Turing quotes from Geoffrey Jefferson, who gave a Lister oration in 1949 titled ‘The Mind of Mechanical Man,’ for the substance of this objection:

“Not until a machine can write a sonnet or compose a concerto because of thoughts and emotions felt, and not by the chance fall of symbols, could we agree that machine equals brain-that is, not only write it but know that it had written it. No mechanism could feel (and not merely artificially signal, an easy contrivance) pleasure at its successes, grief when its valves fuse, be warmed by flattery, be made miserable by its mistakes, be charmed by sex, be angry or depressed when it cannot get what it wants.” (p. 445-446)

Turing splits Jefferson’s argument into 2 forms: the extreme and the modest (the first term is his, the second mine.) Both of these forms are class 2 objections, that is, they are objections against the imitation game.

The extreme view states that in order to know if a machine is thinking, or to know if it is conscious of itself, we must be the machine. This is a class 2 objection because it states that we cannot really know if a machine is thinking, something the Turing Test tries to show. But as Turing notes, this is the solipsist position.

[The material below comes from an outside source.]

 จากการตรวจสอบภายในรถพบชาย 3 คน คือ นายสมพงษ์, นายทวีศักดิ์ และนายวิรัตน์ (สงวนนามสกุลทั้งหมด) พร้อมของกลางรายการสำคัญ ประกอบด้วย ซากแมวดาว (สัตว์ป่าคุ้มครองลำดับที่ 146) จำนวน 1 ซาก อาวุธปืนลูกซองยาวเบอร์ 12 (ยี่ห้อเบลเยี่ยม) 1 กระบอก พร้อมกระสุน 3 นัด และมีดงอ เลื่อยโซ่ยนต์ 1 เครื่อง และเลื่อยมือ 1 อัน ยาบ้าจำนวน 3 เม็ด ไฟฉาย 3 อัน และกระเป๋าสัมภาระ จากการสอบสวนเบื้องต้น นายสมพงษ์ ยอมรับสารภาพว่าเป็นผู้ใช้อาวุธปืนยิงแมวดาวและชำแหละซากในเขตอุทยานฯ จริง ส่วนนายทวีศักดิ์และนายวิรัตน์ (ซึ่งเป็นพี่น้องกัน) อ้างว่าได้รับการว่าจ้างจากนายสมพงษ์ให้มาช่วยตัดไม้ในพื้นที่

The position of Solipsism is nicely summarized by Gilbert Ryle1:

Contemporary philosophers…have found it impossible to discover any logically satisfactory evidence warrenting one person in believing that there exist minds other than his own. I can witness what your body does, but i cannot witness what your mind does, and my pretensions to infer what your body does to what your mind does all collapse, since the premises for such inferences are either inadequate or unknowable.

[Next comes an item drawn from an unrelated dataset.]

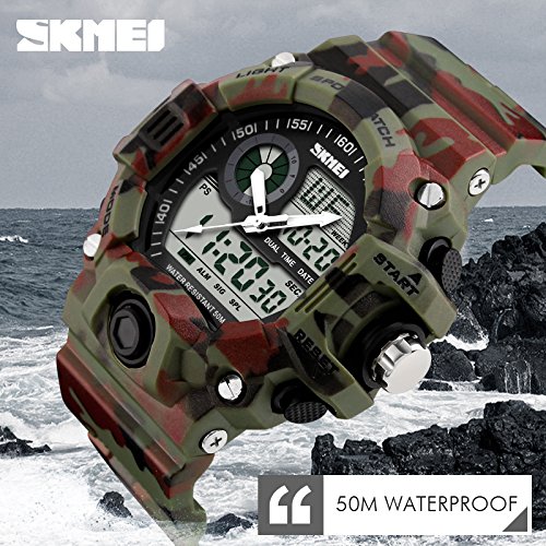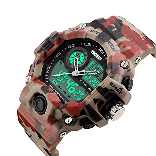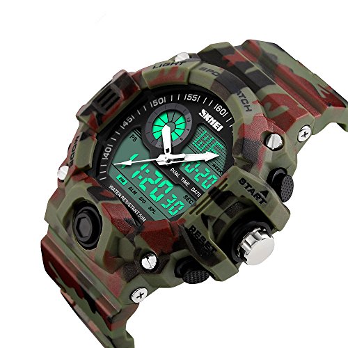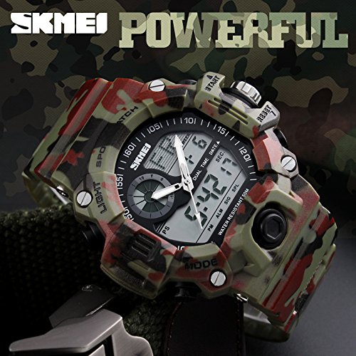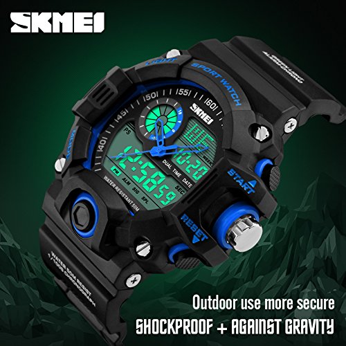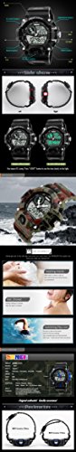-. Feature : Shockproof + Extreme Gravity Defense: Super conceptual design satisfy strict demands athletes training.You can wear the watch for a variety of outdoor sports,such as football,rock climbing,simulated military game. Secure! / Depth Waterproof:This watch can meet your daily use waterproof.164ft water resistant,feel free to wear the watch when you are washing hands,showering,swimming and diving. Convenient! / Hight Quality Meterial: Japanese Movement,Japanese battery which can provide the watch strong power.Execllent ABS plastic case and stainless steel case back which enable the watch to be tough and durable.Highly transparent resin glass is extemely hard and pressure-tolerant.Grameny improted PU resin strap is soft and comfortable and environmental friendly. / Fashion Creative:Fashion sport model,dual time sports watch let you easily grasp the off-site time. / Function:2 time,Chrono,Alarm,Date,Week, EL light

So solipsism is the position that the only mind we can be sure exists is our own. A solipsist might say “I am the only mind which exists.”2 It might be objected that “Well, it is obvious other people exist! I see them right now, I just talked to one. Why would anyone take this position?” Because it is in fact not possible to absolutely prove that other people actually exist. I cannot absolutely prove that you exist, and are not just a figment of my imagination, or that you are not just some sort of machine programed to behave as I do. The only way I could prove that you exist is to become you and go into your mind, but then I’d be you, and not me, and I(you) couldn’t prove that I exist. Likewise, a solipsist would say that they only way we can know a machine is thinking is to be the machine. But then we’d be the machine, and not us. So like we can’t prove other humans have minds and can think, we cannot prove machines can think.

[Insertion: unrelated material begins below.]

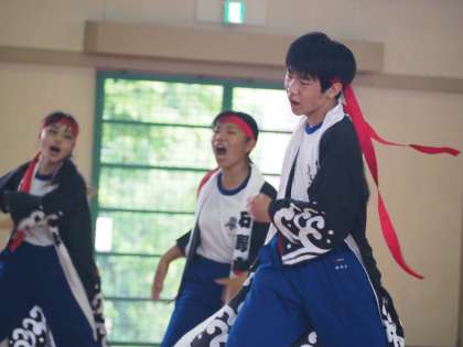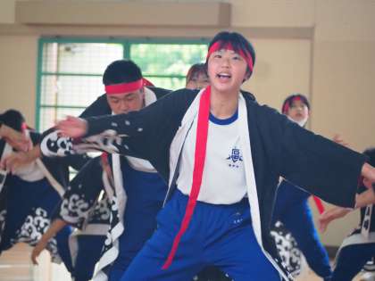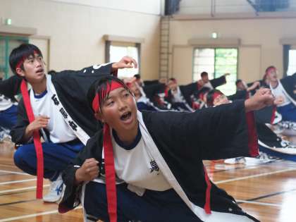 各係での器具点検や動きの確認をしたあと、再びバンテンとはちまきを身に付けてのソーラン練習です。午前中の反省を生かし、本番前、最後の練習です。

As should be clear, this cannot be a serious objection because it would require the rejection of not only a thinking machine, but other thinking humans. That is, while there might not be an absolutely conclusive argument against the solipsist view, the holder of it has other things to worry about than whether a machine can think. Turing says that we should accept the “polite convention,” and assume “that everyone thinks,” and I would agree.

So what of the modest view? This view I think dissolves into a form of incredulity. The author cannot imagine that a computer could do any of these things while understanding what it was doing. This is a class 2 objection because it maintains that even if a machine appeared to understand that it had (for example) written a sonnet, it would not be truly conscious of this action.

Turing on page 446 gives an example of how we could test a machines understanding of an action by using the Turing Test. In his example, we imagine that the machine wrote a sonnet, and we question the machine to determine if it understand what it wrote. He states that if a machine were to justify lines of the sonnet, exactly how a human might, there seems to be no reason for denying that it does understand what action it did. Under this kind of evidence, Turing thinks that they either must agree that the machine is conscious of its actions, or be “forced into the solipsist position” (p.447).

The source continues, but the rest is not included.